The most important reason for the prominence of this concept in recent ethical thought is historical experience in which informed consent was not observed, and in which moral atrocities occurred. These historical events offer an important perspective from which to view the evolution of contemporary notions of informed consent. For example, the Nuremberg Code, which has provided a starting point for understanding the meaning and importance of informed consent, grew out of the trial of German physicians who conducted human experiments in Nazi concentration camps. All subsequent codes and systems of regulation related to informed consent derive in various ways from this code. The issue of informed consent was addressed and refined in several important subsequent documents, such as the Declaration of Helsinki adopted by the World Medical Association as a governing set of research ethics principles. This set of principles established the priority of human subjects' interest over those of science and society.

The U.S. Congress became increasingly concerned about informed consent during the early 1970s in part because of another historical event—the Tuskegee Syphilis Study. This involved poor black men who were not informed participants in the study and who were used as means to gain knowledge about the natural history of untreated syphilis. Though they were told about the fact that they had “bad blood,” they were not told of the penicillin treatment effective against syphilis, a treatment that had become the standard treatment for the disease by 1947. As a result of the details of the Tuskegee study, the National Commission for the Protection of Human Subjects of Biomedical and Behavioral Research was formed.
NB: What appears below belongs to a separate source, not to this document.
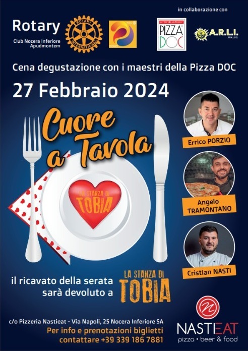 Mangiare una pizza non ha mai fatto così bene al cuore. Soprattutto se si aiutano i bambini ammalati. Martedì 27 febbraio, presso la pizzeria “Nasteat” di Nocera Inferiore, il Rotary Club “Apudmontem” di Nocera Inferiore e l’Accademia Nazionale Pizza Doc organizzeranno una cena di beneficenza “Cuore a tavola” in sostegno del progetto “La Stanza di Tobia”.
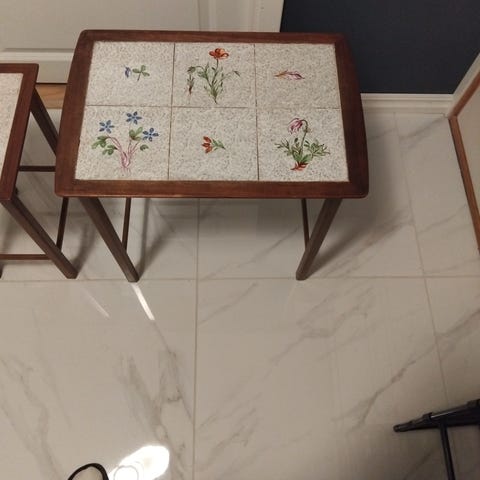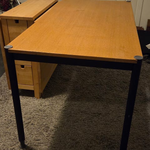 Godt brukt, men pent bord søker et nytt kjærlig hjem. Bordet har flere merker, og hadde nok satt pris på litt pussing og et strøk lakk. Bordet kan utvides med to medfølgende plater som er 41 cm brede hver.

This led to the production of the Belmont Report in 1979, a report that built upon the principles expressed in the Nuremberg Code. This report embraces three principles that are now familiar and accepted as crucial for research involving human subjects, and which are vital to a robust notion of informed consent: respect for people, beneficence, and justice. For the purposes of understanding informed consent, the principle of respect for people is dominant and comprises two concepts: Individuals are to be treated as autonomous agents, and those individuals with less autonomy are entitled to protection. The latter concept is especially relevant in interventions and research involving children, though it is somewhat fluid in its definition because the autonomy of pediatric patients increases as they approach adulthood.